## Supplied records:
·····
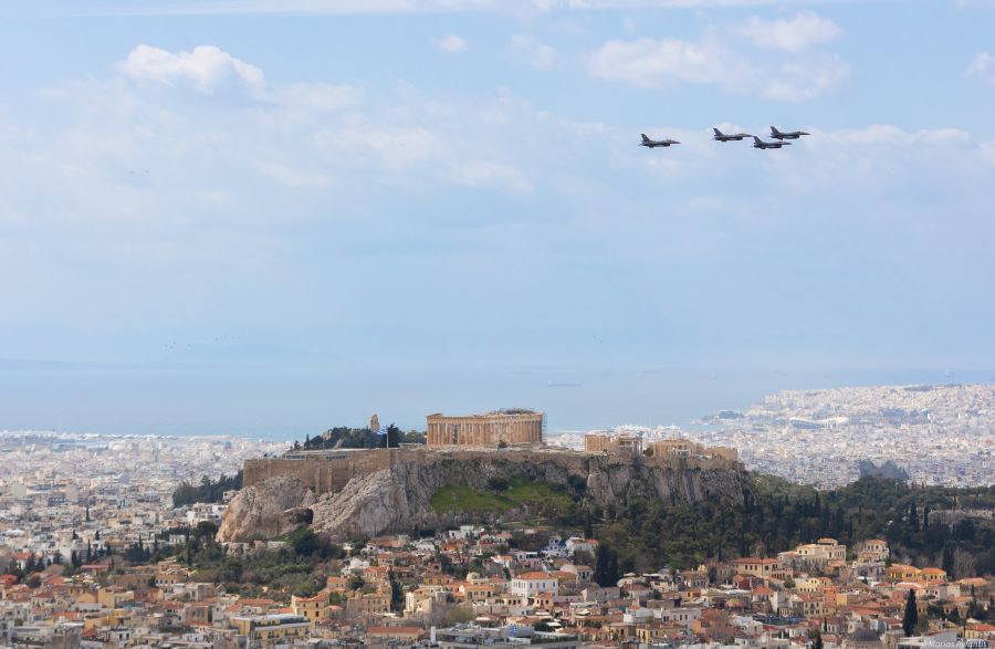 Φωτογραφίες από την πτήση των αεροπλάνων και των ελικοπτέρων πάνω από την Αθήνα κατά τη διάρκεια της στρατιωτικής παρέλασης της Δευτέρας 25ης Μαρτίου 2024.
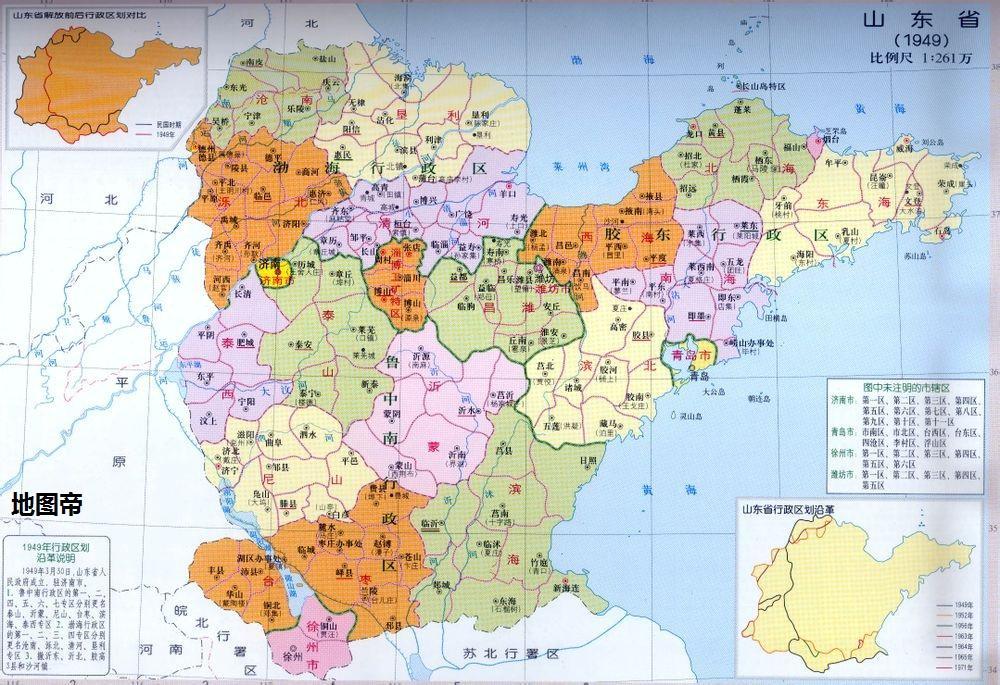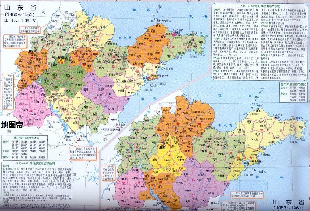 圖-1950-1960年山東省區劃沿革示意圖
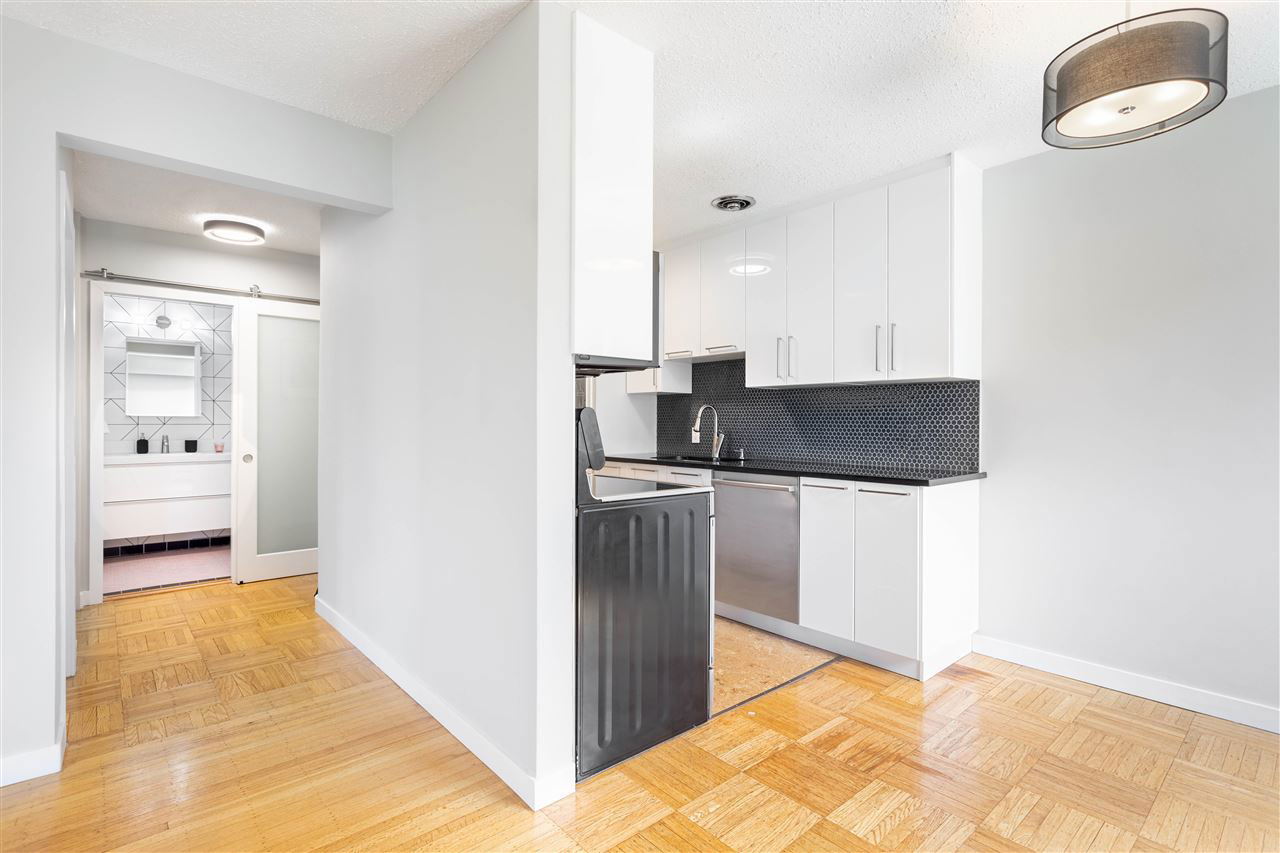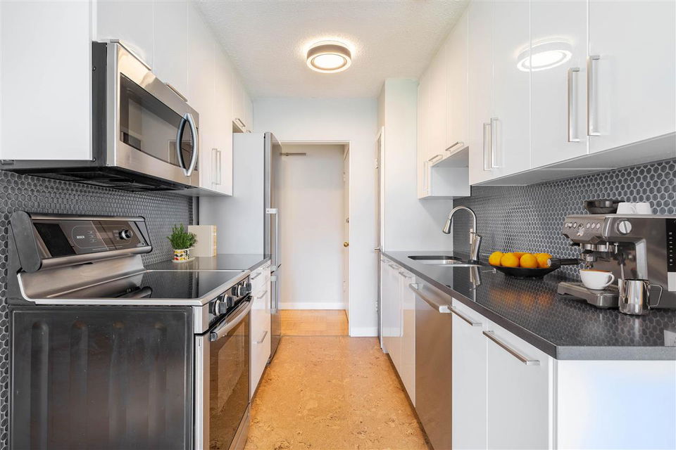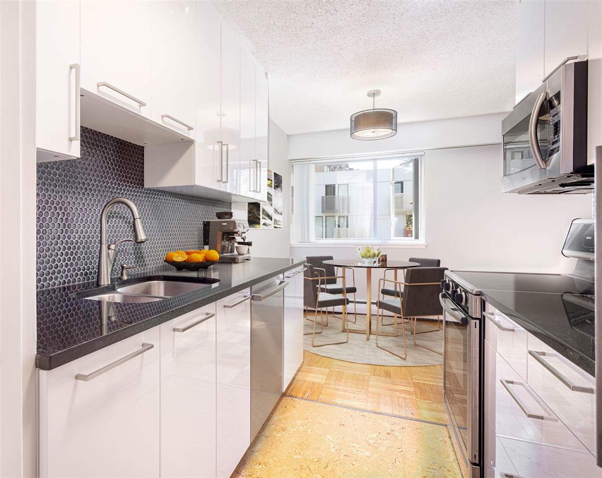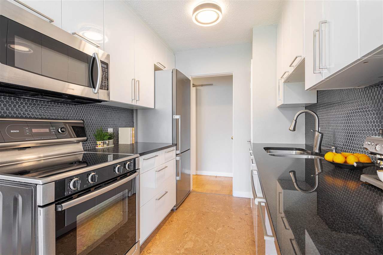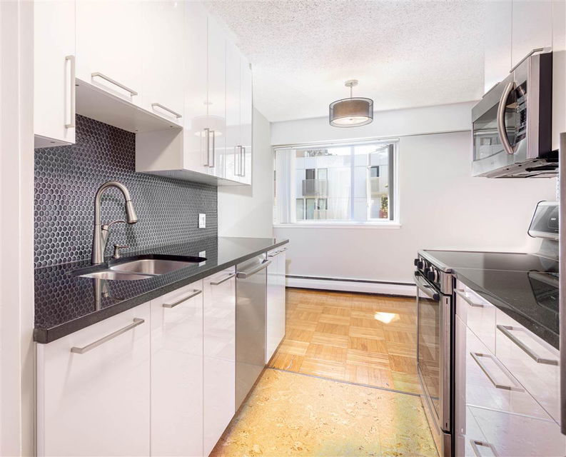 It’s 1950’s character with contemporary modern! Much of what is on your purchase list is right here. Loads of light, south west facing and very spacious. Gorgeous oak hardwood floors blended with Art Deco modernist character. Visualize enjoying a fresh oversized 1 bedroom corner home with updated elements. Polished kitchen cabinetry, granite counters with a high quality stainless package and honey cork floors. A living room big enough for house size furniture and dining area for comfortable and enjoyable entertaining, for your small bubble. The bedroom will fit a king. A stylish bath with mosaic retro floor tile. All overlooking tree lined Comox and Jervis. This location is a walkers paradise, has a transit score of 99 and the City bike route right outside your door. Add heat, hot water, storage and secure parking to the list of inclusions. Pets are welcome. A desirable fully upgraded strata Jervis Manor is located in the heart of the West End near Nelson Park, Barclay Heritage Square and Sunset Beach Park.
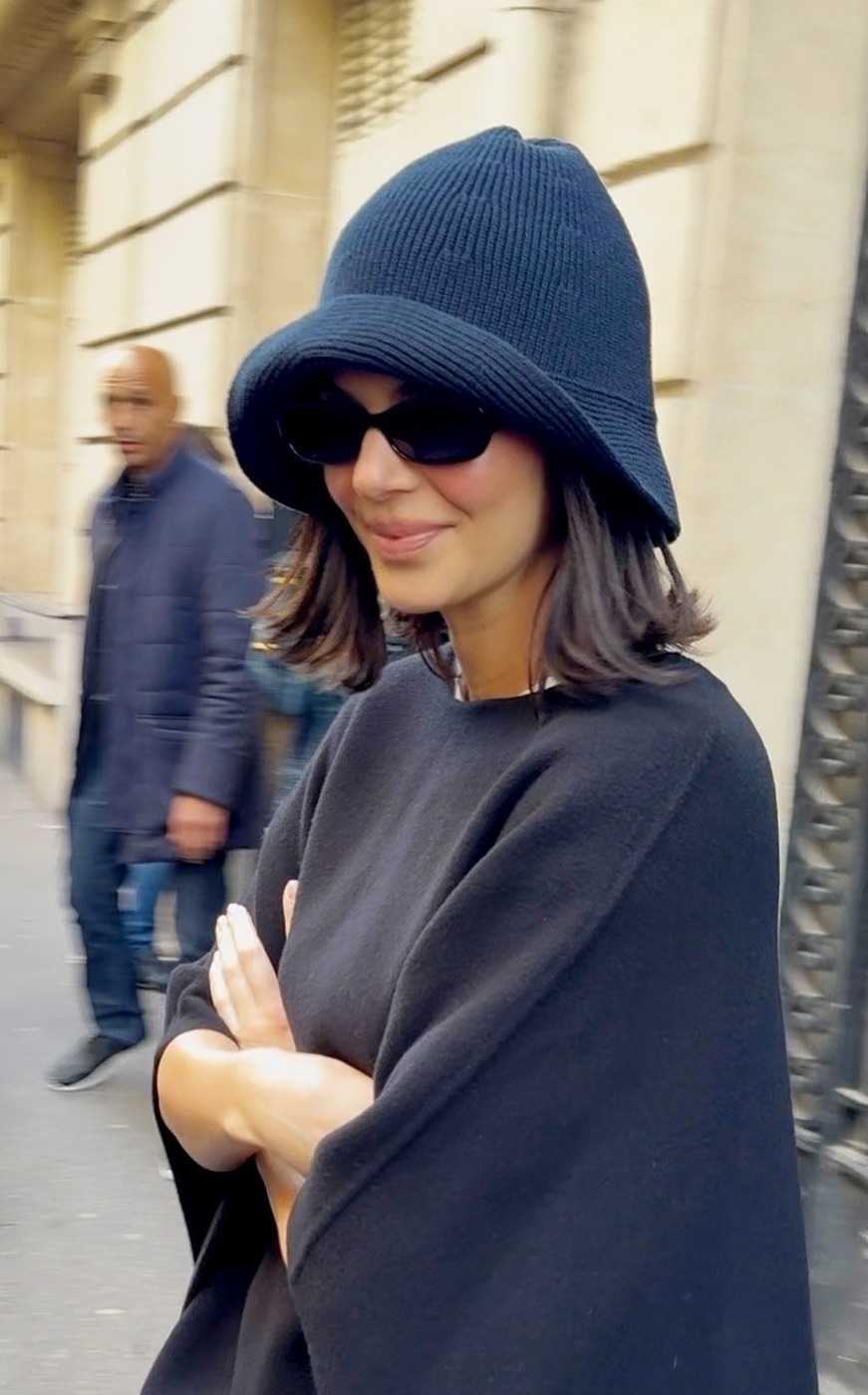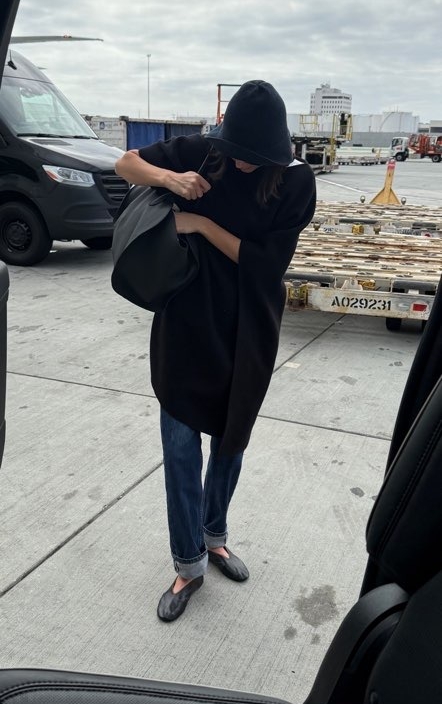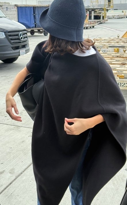 켄달은 가오리 핏에 가까운 케이프 스타일 코트를 입고 있었습니다. 2년 전에도 피비 파일로의 스카프 코트와 더 로우의 케이프 코트를 입은 모습과 유사한 분위기였죠. 생지 데님 느낌의 스트레이트 청바지를 롤업해 입은 뒤 흰색 티셔츠를 착용하고 그 위로 블랙 코트를 둘러주었죠. 영상으로 보니 암홀이 넓게 나와 있어 스웨터처럼 입지 않았을까 하는 생각이 들더군요. 여기에 슈즈와 백, 귀여운 모자까지 모두 심플한 더 로우 제품으로 매치했고요.
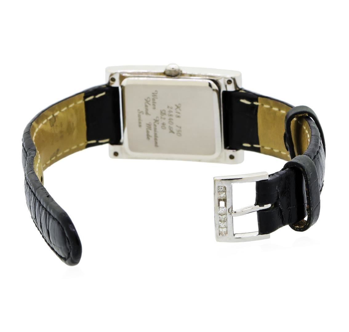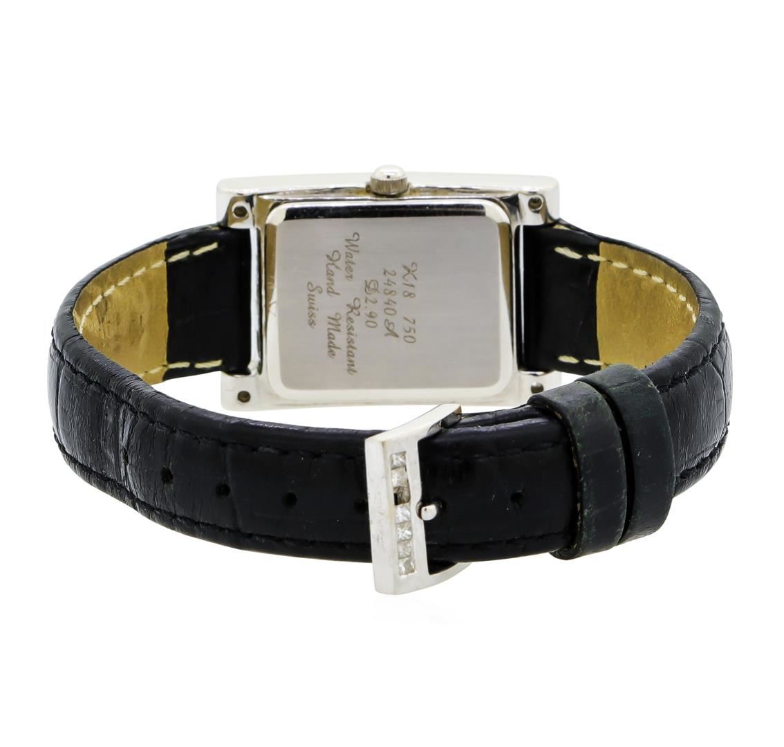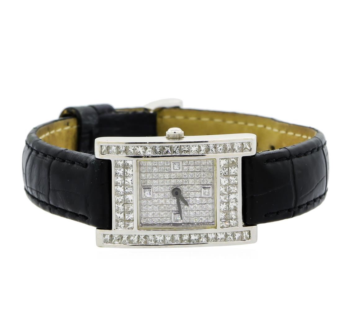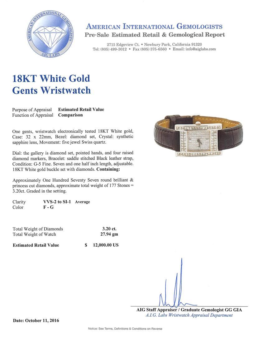 One gents, wristwatch electronically tested 18KT White gold, Case: 32 x 22mm, Bezel: diamond set, Crystal: synthetic sapphire lens, Movement: five jewel Swiss quartz. Dial: the gallery is diamond set, pointed hands, and four raised diamond markers, Bracelet: saddle stitched Black leather strap, Condition: G-5 Fine. Seven and one half inch length, adjustable. 18KT White gold buckle set with diamonds. Containing: Approximately One Hundred Seventy Seven round brilliant & princess cut diamonds, approximate total weight of 177 Stones = 3.20ct. Graded in the setting. Clarity: VVS-2 to SI-1 Average Color F - G. Total Weight of Diamonds 3.20ct. Total Weight of Watch 27.94gm. AIG Appraised at $12,000.00.
·····
## Assigned task:
Leaving out the pictures, please output the lines in the entries above from the one with "It’s 1950’s character" through the one with "켄달은 가오리 핏에 가까운", exactly as they are.

## Reply to the task:
 It’s 1950’s character with contemporary modern! Much of what is on your purchase list is right here. Loads of light, south west facing and very spacious. Gorgeous oak hardwood floors blended with Art Deco modernist character. Visualize enjoying a fresh oversized 1 bedroom corner home with updated elements. Polished kitchen cabinetry, granite counters with a high quality stainless package and honey cork floors. A living room big enough for house size furniture and dining area for comfortable and enjoyable entertaining, for your small bubble. The bedroom will fit a king. A stylish bath with mosaic retro floor tile. All overlooking tree lined Comox and Jervis. This location is a walkers paradise, has a transit score of 99 and the City bike route right outside your door. Add heat, hot water, storage and secure parking to the list of inclusions. Pets are welcome. A desirable fully upgraded strata Jervis Manor is located in the heart of the West End near Nelson Park, Barclay Heritage Square and Sunset Beach Park.
 켄달은 가오리 핏에 가까운 케이프 스타일 코트를 입고 있었습니다. 2년 전에도 피비 파일로의 스카프 코트와 더 로우의 케이프 코트를 입은 모습과 유사한 분위기였죠. 생지 데님 느낌의 스트레이트 청바지를 롤업해 입은 뒤 흰색 티셔츠를 착용하고 그 위로 블랙 코트를 둘러주었죠. 영상으로 보니 암홀이 넓게 나와 있어 스웨터처럼 입지 않았을까 하는 생각이 들더군요. 여기에 슈즈와 백, 귀여운 모자까지 모두 심플한 더 로우 제품으로 매치했고요.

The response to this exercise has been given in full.